How much additional growth will the startup need to get closer to profitability? Fourth quarter revenue of $54 million generated gross profit of $8.2 million, compared to $13.5 million in the third quarter of 2021. The figure shows an improvement from gross profit of -2 million dollars from a year ago when the first COVID winter was upon us, but that’s still a far cry from the $136.6 million in operating costs in the quarter, a variance that was, in all honesty, widen in the last trimester.
Bird still has cash to the tune of $159.9 million in “total cash and cash equivalents and restricted cash and cash equivalents,” which means he has some time to reduce. his losses.

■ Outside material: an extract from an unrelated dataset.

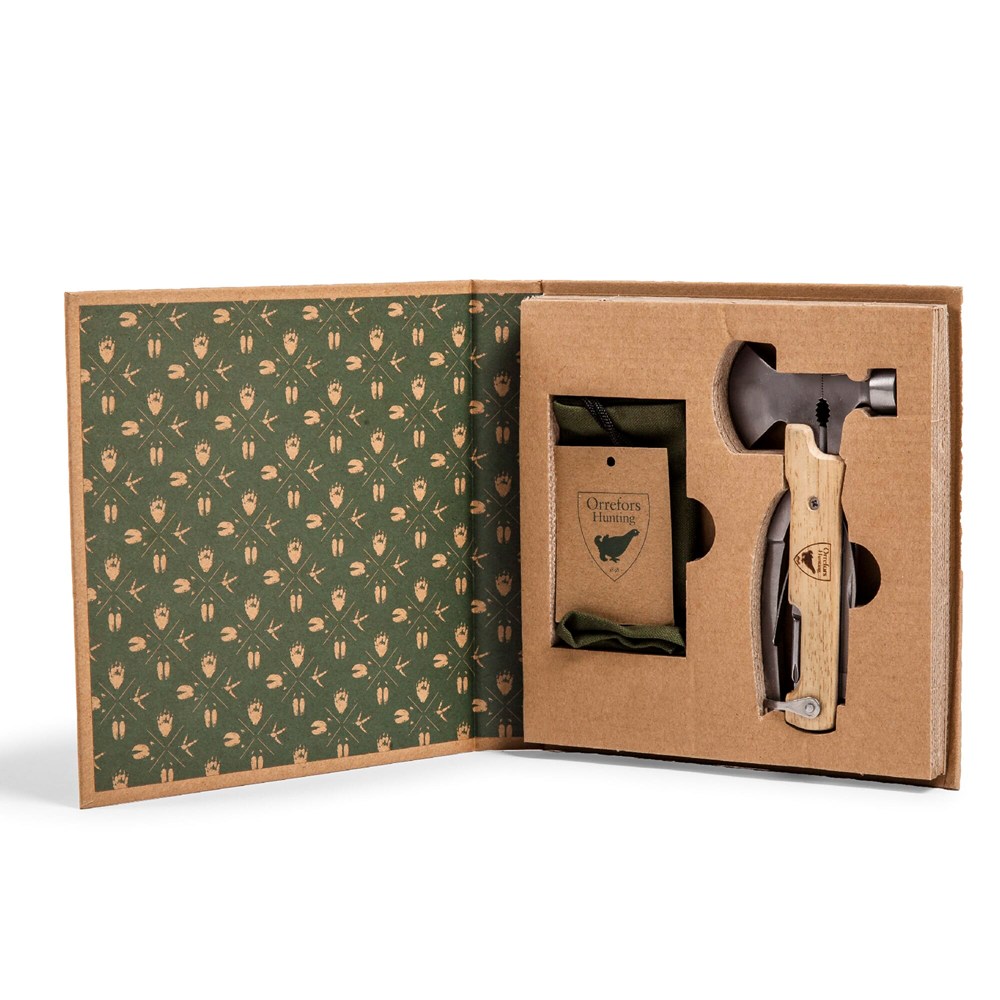 Een handige multitool, ontworpen voor onderweg, zowel binnen als buiten. Bevat tangen en tangen, hamer, kleine bijl, messen, nagelvijlen, schroevendraaiers (platte kop) en blikopener. Wordt geleverd met een canvas etui en is verpakt in een geschenkdoos. Orrefors Hunting producten zijn degelijke en stevige kwaliteitsproducten die je altijd en overal kunt gebruiken.
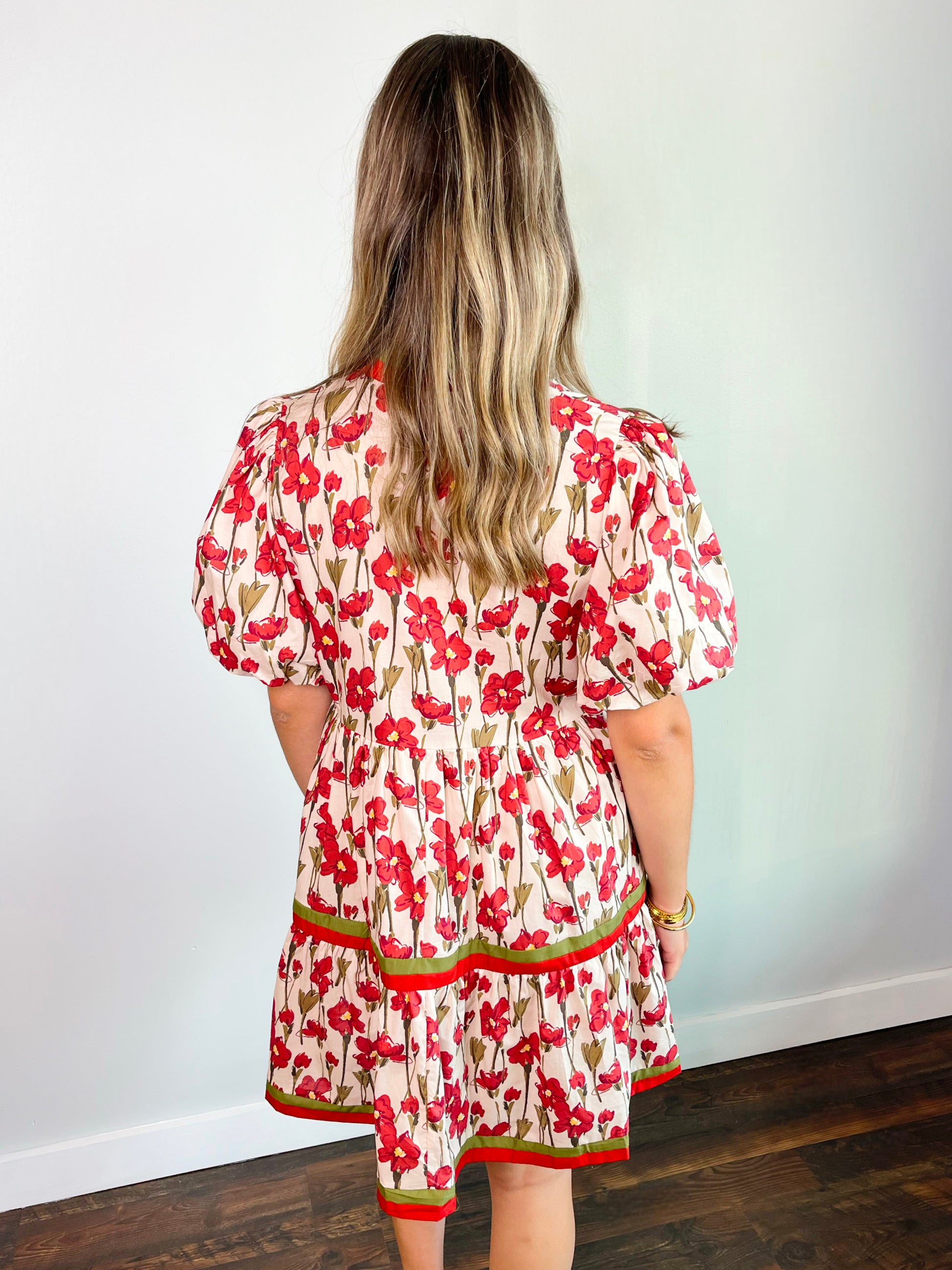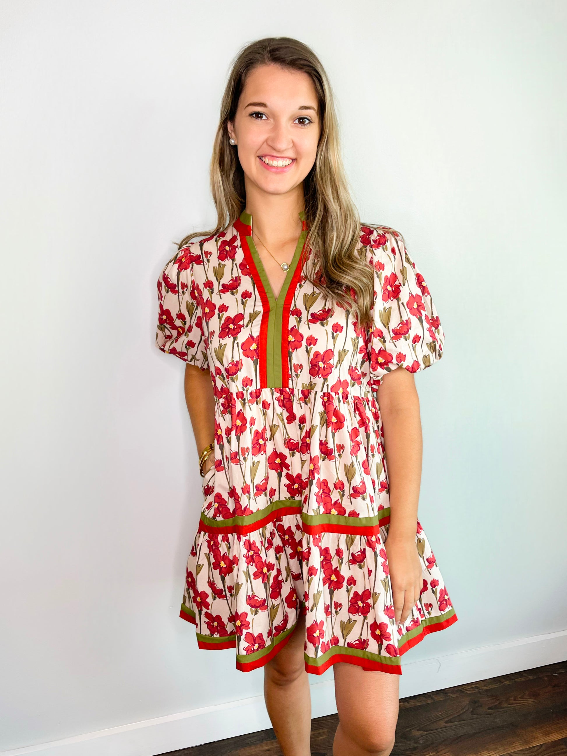 Add a splash of whimsy to your wardrobe with the Drea Floral Short Sleeve Dress. This playful tiered mini dress features short bubble sleeves and a charming multicolor band accent that highlights its floral print. Side pockets add a handy touch of convenience, perfect for keeping essentials close. Designed for breezy fall days, it’s a fun, flirty choice to brighten your seasonal looks.

But not forever. The company’s operations consumed $131.6 million of cash in 2021, while its investing cash flow generated a larger negative $215.8 million during the same period. Company vehicle purchases are recorded in investing cash flow for reference.
Bird tells TechCrunch that he is focusing on his core sharing business and making progress toward profitability. Overall year-over-year growth is still on the rise, and if those headwinds really turned into tailwinds, Bird could finally make his conservative estimates for the full year.